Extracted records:
================================

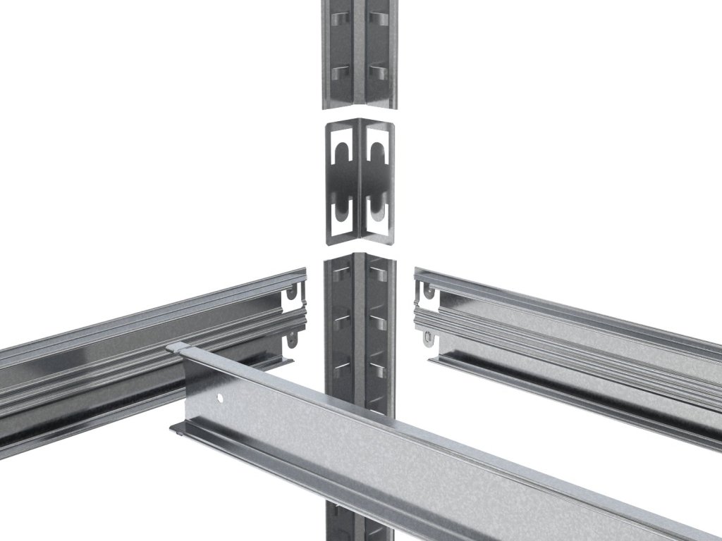 - Die Winkelprofile des Regals sind geteilt und werden mit Verbindern verbunden.
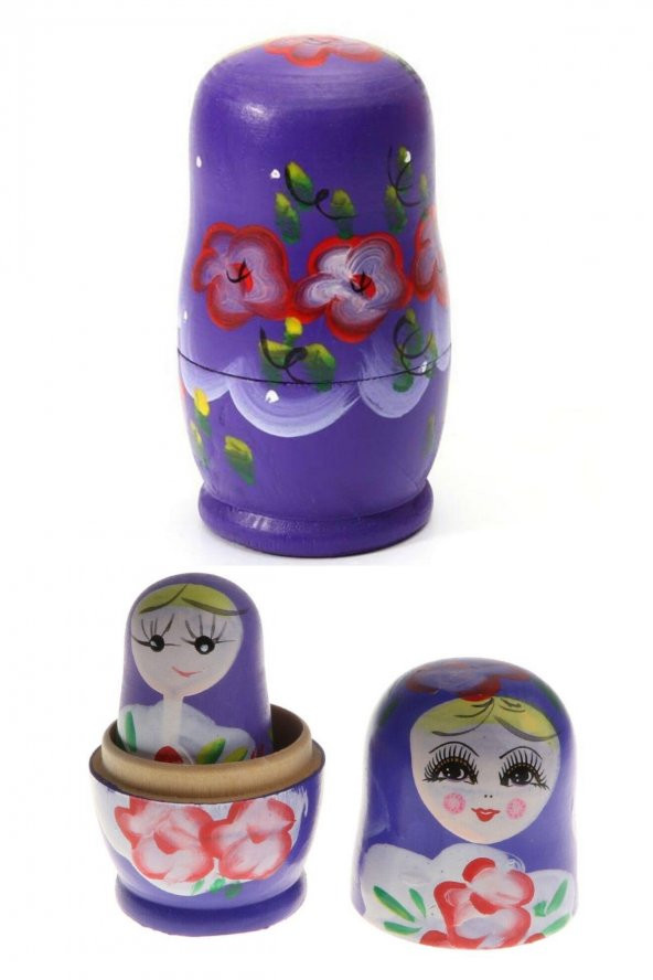 Ahşap Matruşka Bebek Beşli Set Mor
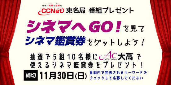 [東名局]「シネマへGO!」プレゼント情報(11月分)
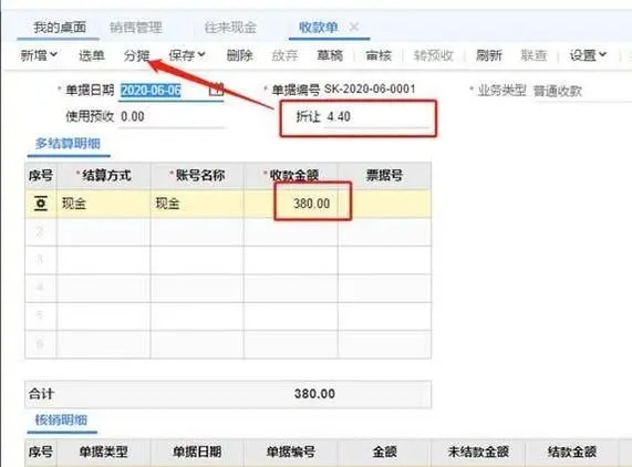 收款金额处录入整数380,折让掉的零头是4.4,再点击分摊,如图下:
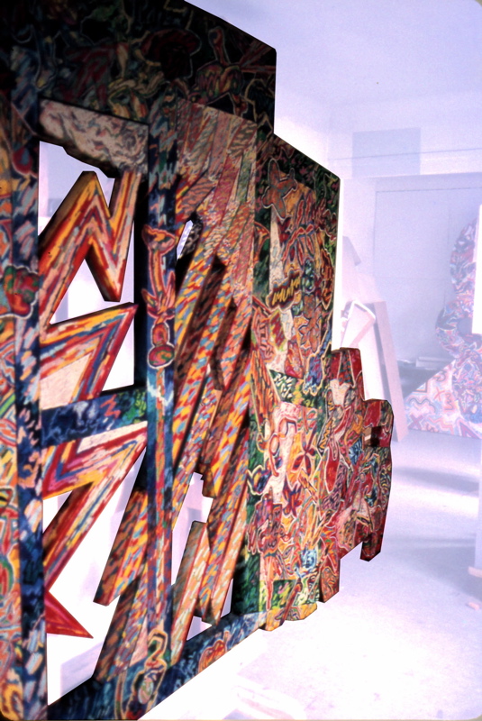 L'une des ces pièces découpée comme un dentelle et construite en plusieurs éléments assemblés et boulonnées et intitulée "L'art assassiné par l'amour" est propriété de la collection du Fond National d'Art Contemporain, cette oeuvre réalisé dans le petit atelier qui était le mien alors, sera exposée aux Halles l'Ile à Genève puis partira directement à Paris sans reproduction photographique digne de ce nom, seule me reste les images prises dans la pièce étroite de mon atelier des images morcelées, tant le recul faisait défaut pour photographier l'ensemble de la pièce.
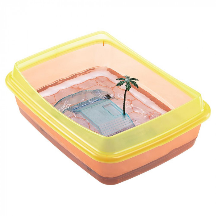 Пластиковая чаша - бассейн для черепах Ferplast Tortugas (Ферпласт Тортугас) - чаша для черепах из цветного пластика, состоящая из прямоугольного поддона и рамки, которую можно снять на время уборки. Чаша идет в комплекте с декоративным островом с присосками для надежной фиксации, а также небольшой пальмой; остров оборудован ступеньками. Пластиковая рамка предотвращает проливание воды. Чаша идеально подходит для содержания нескольких небольших рептилий.
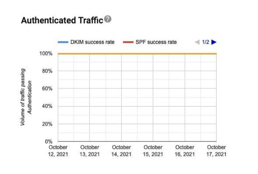 Shows traffic that passed SPF, DKIM & DMARC, over all received traffic that attempted authentification.

================================

Repeat every record above exactly, but leave out any pictures.

• Solution:
 - Die Winkelprofile des Regals sind geteilt und werden mit Verbindern verbunden.
 Ahşap Matruşka Bebek Beşli Set Mor
 [東名局]「シネマへGO!」プレゼント情報(11月分)
 收款金额处录入整数380,折让掉的零头是4.4,再点击分摊,如图下:
 L'une des ces pièces découpée comme un dentelle et construite en plusieurs éléments assemblés et boulonnées et intitulée "L'art assassiné par l'amour" est propriété de la collection du Fond National d'Art Contemporain, cette oeuvre réalisé dans le petit atelier qui était le mien alors, sera exposée aux Halles l'Ile à Genève puis partira directement à Paris sans reproduction photographique digne de ce nom, seule me reste les images prises dans la pièce étroite de mon atelier des images morcelées, tant le recul faisait défaut pour photographier l'ensemble de la pièce.
 Пластиковая чаша - бассейн для черепах Ferplast Tortugas (Ферпласт Тортугас) - чаша для черепах из цветного пластика, состоящая из прямоугольного поддона и рамки, которую можно снять на время уборки. Чаша идет в комплекте с декоративным островом с присосками для надежной фиксации, а также небольшой пальмой; остров оборудован ступеньками. Пластиковая рамка предотвращает проливание воды. Чаша идеально подходит для содержания нескольких небольших рептилий.
 Shows traffic that passed SPF, DKIM & DMARC, over all received traffic that attempted authentification.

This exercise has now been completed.